So, last week MPC filed documents with state regulators — the Public Service Commission — for a requested rate increase of 11.35 percent. The Commission has the ability to deny MPC’s request. If approved, the increases will go into effect in 2012.
MPC officials said last year that rates could go up about 33 percent. That was after they filed a document with the Commission saying rates would go up about 45 percent.
Company spokesperson Cindy Duvall says MPC made three separate filings with the Commission, and the majority of the requested rate increase is due to the Kemper plant, which is under construction.
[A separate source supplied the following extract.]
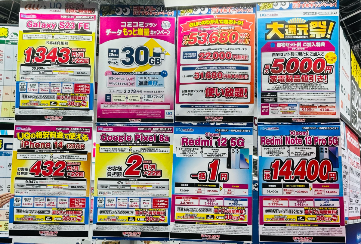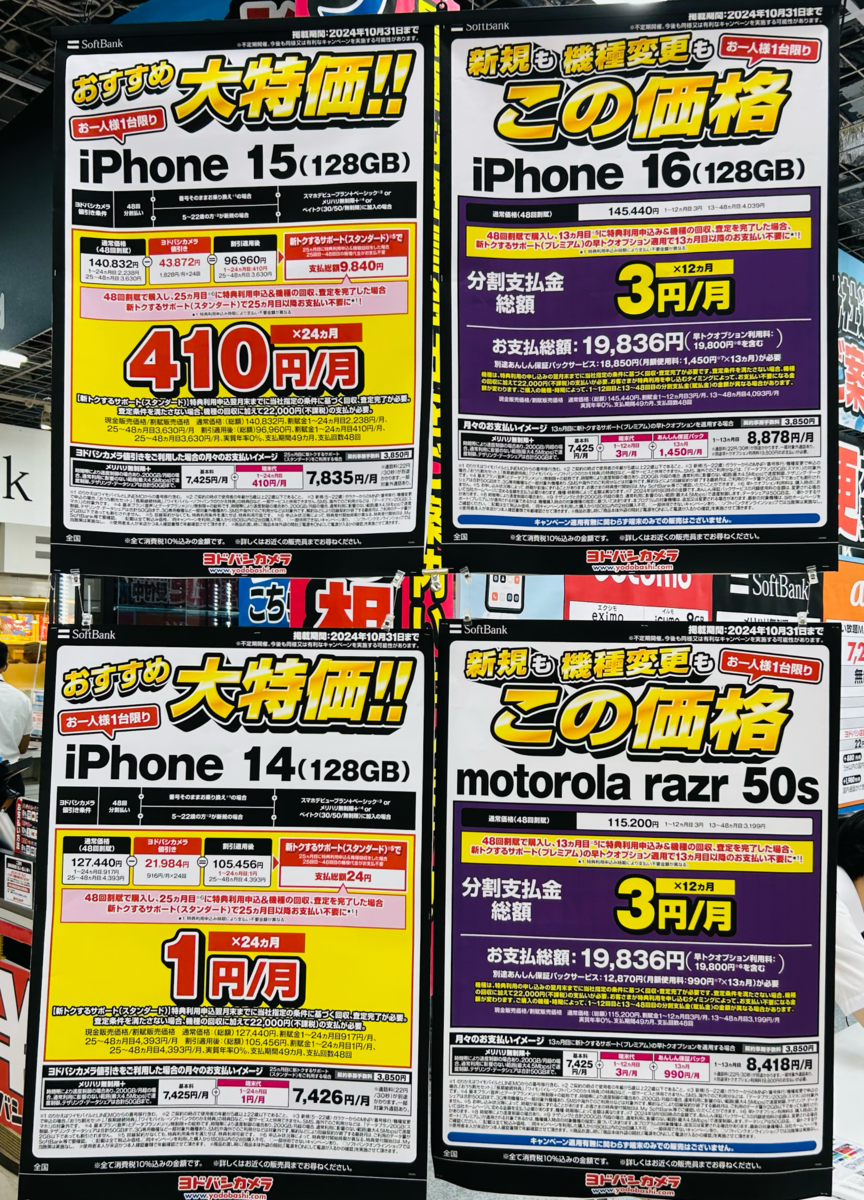 ソフトバンク、au、ドコモでは、新発売のiPhone 16に加えて、iPhone 15、iPhone 14、Google Pixel 8a、Pixel 9、Pixel 9 Pro、Xperia、Galaxyなど主要なスマートフォンの一括および分割販売が実施されていましたが、値下げされたiPhone 15に特に注目です。

The plan represents a huge financial risk for MPC’s 188,000 customers in southeastern Mississippi.
The mechanism that allows MPC to charge its ratepayers for the financing cost of the facility as it’s being built — known as Construction Work in Progress Financing — is particularly unnerving. It shifts most of the risk to the power company’s customers.
Also, the technology the plant will use to generate electricity is new and unproven on a commercial scale.
In interviews with the MBJ, officials with MPC wouldn’t even guarantee that Kemper’s technology would work.
Yet, here we go. Now MPC asks for an 11.35 percent rate increase for customers, and — due to a state law called the Baseload Act — MPC is under no obligation to refund its customers if the plant doesn’t work.
Even if it does work, the increases in rates over time will have been much more than if MPC had relied on a much less expensive natural gas option.
What part of this equation adds up to a help for businesses and individual customers served by MPC?